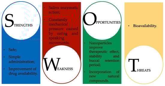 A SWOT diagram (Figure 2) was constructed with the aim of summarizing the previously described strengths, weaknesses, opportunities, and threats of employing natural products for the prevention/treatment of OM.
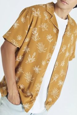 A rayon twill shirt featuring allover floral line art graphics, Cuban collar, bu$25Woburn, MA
....
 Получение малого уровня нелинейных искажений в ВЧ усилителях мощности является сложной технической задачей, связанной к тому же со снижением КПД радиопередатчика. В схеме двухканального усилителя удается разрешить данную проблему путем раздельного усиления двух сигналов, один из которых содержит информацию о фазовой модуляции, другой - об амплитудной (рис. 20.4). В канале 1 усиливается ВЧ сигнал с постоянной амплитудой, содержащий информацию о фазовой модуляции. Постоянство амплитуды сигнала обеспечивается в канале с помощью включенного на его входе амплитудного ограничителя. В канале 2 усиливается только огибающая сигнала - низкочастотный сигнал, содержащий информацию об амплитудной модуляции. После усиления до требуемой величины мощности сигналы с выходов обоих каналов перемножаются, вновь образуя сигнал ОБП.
....
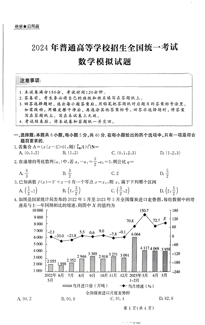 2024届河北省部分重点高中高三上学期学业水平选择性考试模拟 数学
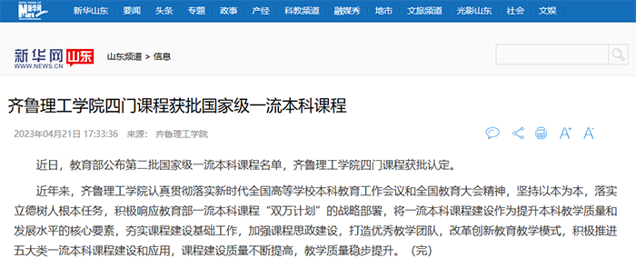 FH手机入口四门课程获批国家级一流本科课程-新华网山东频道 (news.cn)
....
EXERCISE GOAL: Take the material above and output only the lines from the one that contains "A SWOT diagram" through the one that contains "A rayon twill", ends included and images left out.

OUTPUT OF THE TASK:
 A SWOT diagram (Figure 2) was constructed with the aim of summarizing the previously described strengths, weaknesses, opportunities, and threats of employing natural products for the prevention/treatment of OM.
 A rayon twill shirt featuring allover floral line art graphics, Cuban collar, bu$25Woburn, MA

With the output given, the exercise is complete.